Я давно хотел тебя спросить про шрамы на левом запястье. Понимаешь, я несколько боюсь за тебя. Иногда не могу это выразить, но голос твой, когда он не в полголоса, а громок и отчетливо явен - очень пугает! Нет, ничего такого, прости, но нотки волнения присутствуют в нем. Ты можешь бросить этот мир?..
***
Иногда у писателя случается "перекур".
Его герои, его выдуманные и реально-модифицированные персонажи вступают с ним в сумасшедший спор. Раз в год. Ведут беседы, изучают диалоги, кружат в прениях, кружатся в обсуждениях и анализах своего рода, - и всего-то потому, что происходит бал.
Бал всех его маленьких, малюсеньких душ, собранных, как по мановению волшебного «аха».
Оживают качели, скрипят старые, высокие двери, распахиваются настежь пыльные окна; воздух свежим ароматом влетает в грудь и лица заглядывают к писателю и приглашают его в зал. Будто старика - в это вечно-молодое эхо...
ЗАмок светел, искры волшебной пудры тут и там отражаются солнцем. Повсюду значение опьянения, глушащая радость, невидимо-задорная...
Долгожданная - объявлением в начало наступления - ведомая и...
Писатель должен быть там обязательно. Это даже не обсуждается. Бал!.. На таком балу - он шут. Грустный. Очень грустный. Все они - его руки, ноги, головы, тела, одетые в строгие костюмы, а бальные платья в шикарные украшения. Ухоженные и надушенные. Все они - его мысли в танцах, игры ребусов, тайны мистики, восхождения добра, помыслы о Боге. Все они витают в воздухе сотнями листков, словно это птицы-птицы, какие-то переворачиваются, то поднимаются до самой выси, то взрывающимися пиками сверху вниз разрезают воздух свободным падением - но не касаются собравшихся. Лишь разлетаются в стороны; лишь только создают еще большую публику.

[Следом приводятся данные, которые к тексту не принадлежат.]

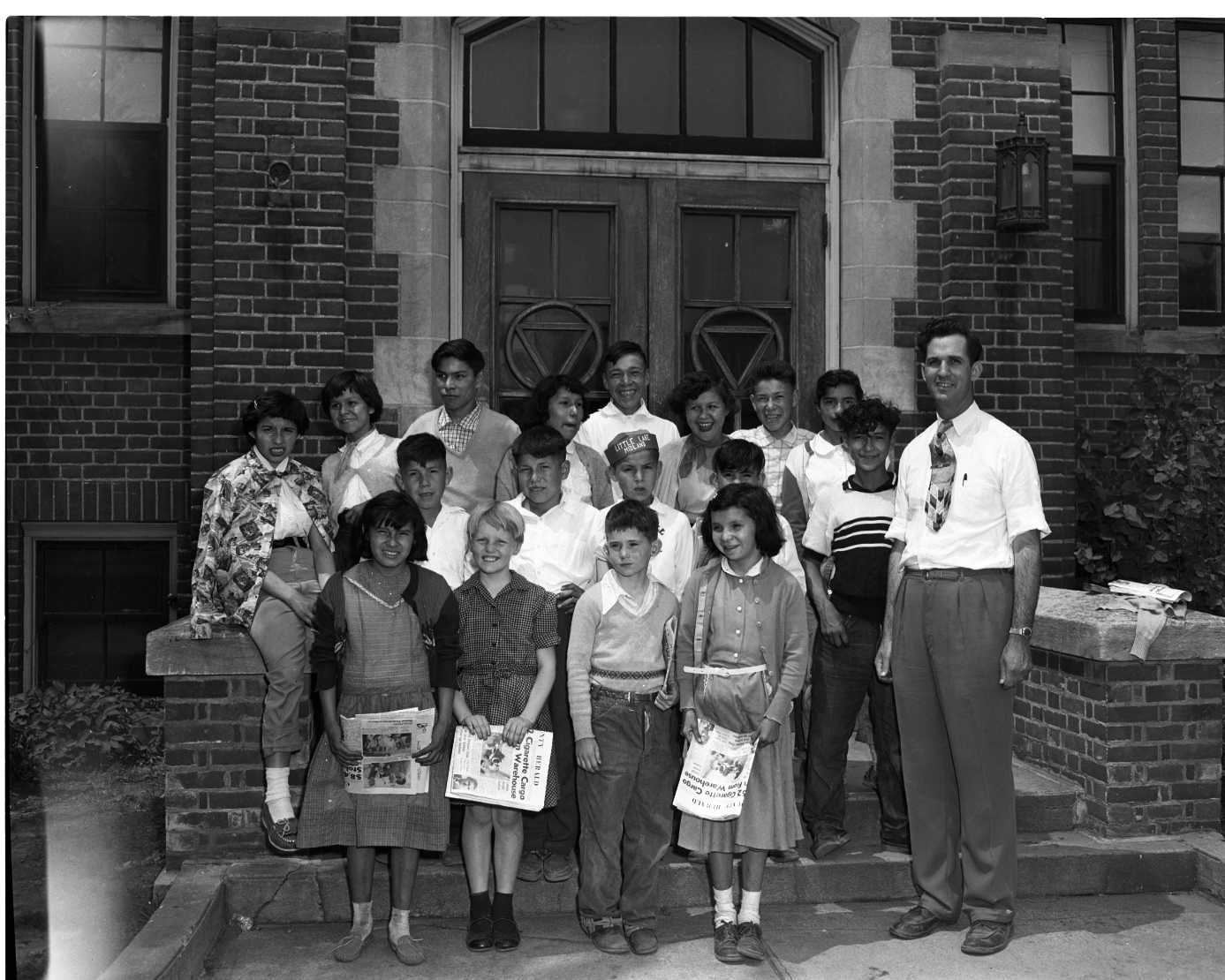 Burned out of house and home just about a year ago these pupils of Crossland Public School now have a brand new building, opened officially by George G. Johnston, MPP, Friday night. About 30 children attend the one room school where Miss Marlene Strath is the teacher. Classes have continued in the nearby community hall, the former Methodist Church.

Захват мнения, пробуждение гласом, гром колокола.
Обычно представление начинается не с полуночи, как того требует этикет правильного тона, а ровно в середине дня, когда сам полет внеземного яблока солнца виден как можно далеко и далеко от милой и дорогОй сердцу земли.
Необъятный одним взглядом зал и трон шута. Тысячи фигур его ведут к трону. По шахматной лесенке мраморного подиума. Под аплодисменты, выкрики, одиночные выстрелы, взмывы струн или горнов исповеди, удары барабанов или глухие удары каменных слёз об пол.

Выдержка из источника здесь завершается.